Customer clause – legal regulation
Customer clauses are regulated in the Working Environment Act § 14 A-4. Here, customer clauses are defined as “agreement between the employer and the employee limiting the employee’s freedom to contact the employer’s customers following termination of the employment.” The definition shows that only the employee’s access to contact customers is restricted. Customers who contact the employee themselves are therefore not obliged to reject the employee. The employee can also contact customers for purposes other than recruiting them for their new job.
Which customers are covered?
A customer clause may not cover all the customers of the old employer. It only covers customers with whom the employee has had contact or been responsible for the last year before the employer notifies that the customer clause will be enforced. The term “contact” includes both direct and indirect contact with the customer. The employee’s contact with the customer can e.g. be negotiations or discussions in connection with entering into contracts in which the employee has participated. Follow-up of customers is also included unless it is sporadic. Whether there has been sufficient contact for a customer clause to apply will be a specific assessment.
Even if the employee has not had direct contact with the customer, customers for whom the employee has had a more overall responsibility will be included. There will be cases where the superior employee has had the authority to bind the employer in the customer relationship, without there having been any direct contact between the customer and the employee.
Customer clause length
A customer clause will only apply for one year from the termination of the employment relationship. The employment relationship ends when the notice period expires or on the day the employee is dismissed. When one year has passed, the employee can contact customers as usual.

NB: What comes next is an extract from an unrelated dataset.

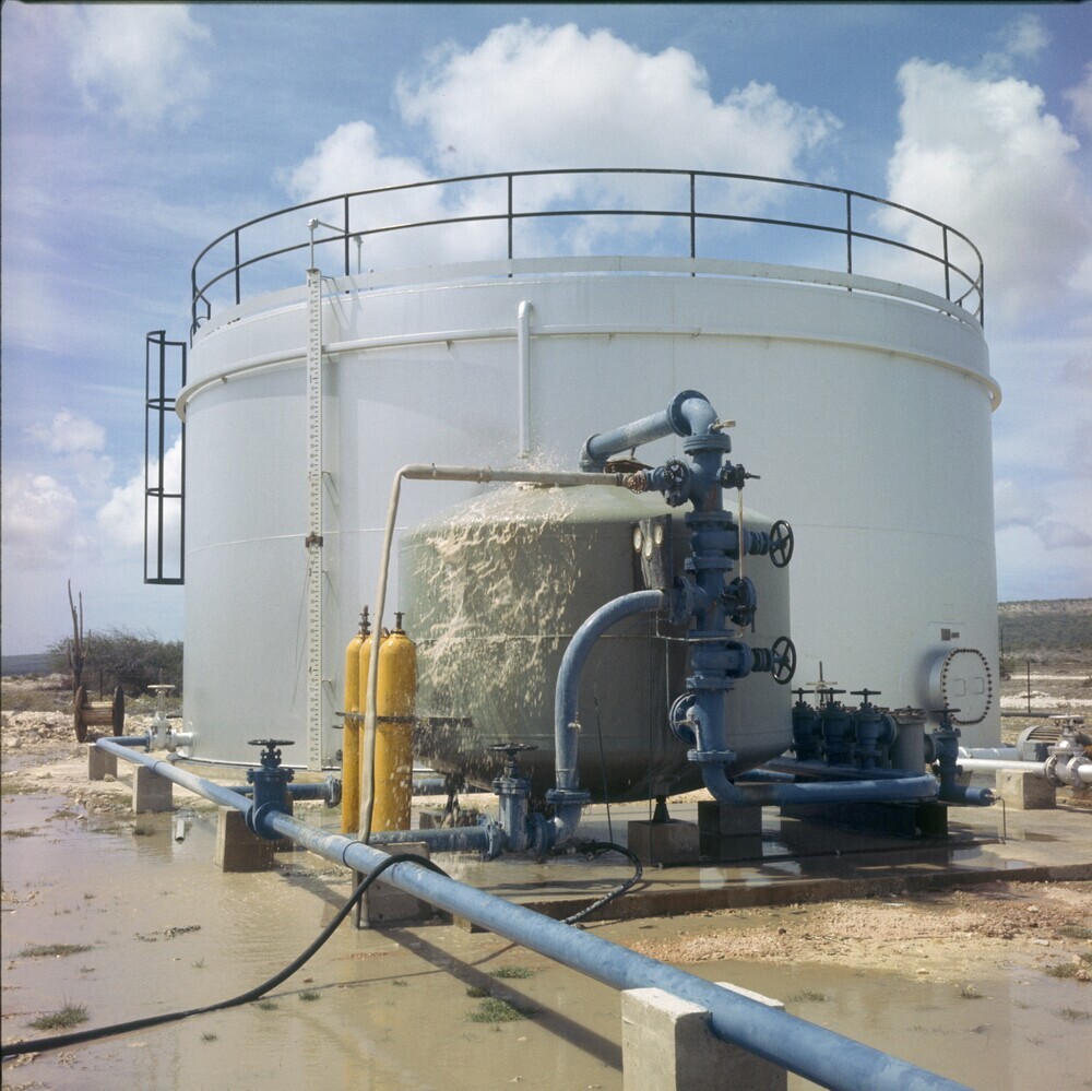 's Landswatervoorziening met olietank en op de voorg...

When and how must customer clauses be entered into?
A customer clause must be entered into in writing. It must also be entered into while the employment relationship lasts. It is common to enter into customer clauses at the beginning of the employment relationship or during the employment relationship. However, there is nothing in the way of entering into such an agreement during the notice period. It must only be entered into before the employment relationship ends to be valid. If it is entered into after the employment relationship ends, the relationship is regulated by section 36 of the Contracts Act instead.

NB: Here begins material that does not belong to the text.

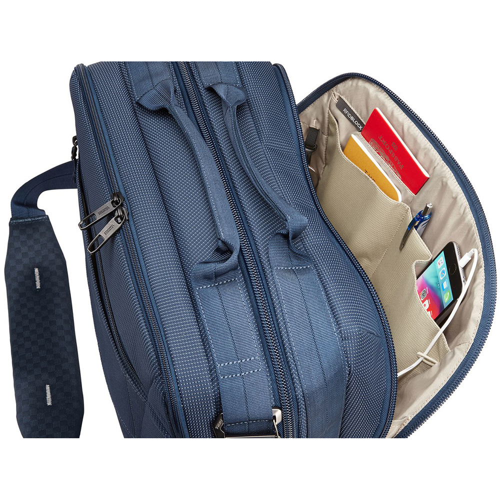 Organizeaza electronicele mici si accesoriile in panoul frontal prevazut cu buzunare, suporturi elastice dar si cu sistem PowerPocket ce permite incarcarea dispozitivelor in timpul calatoriei.

When can customer clauses not be enforced?
An employment relationship can be terminated both by the employee and by the employer. A customer clause cannot be enforced if the employee is dismissed due to the company’s circumstances. If the company has to be downsized, the employer cannot enforce the clause. A customer clause can also not be enforced if the employee terminates the employment relationship as a result of the employer’s default. If the employee resigns himself or is dismissed by the employer due to the employee’s circumstances, the clause can apply as normal.
The company’s chief executive may be exempted from the regulation on customer clauses if it has been agreed in writing that they shall not apply, cf. the Working Environment Act § 14 A-5.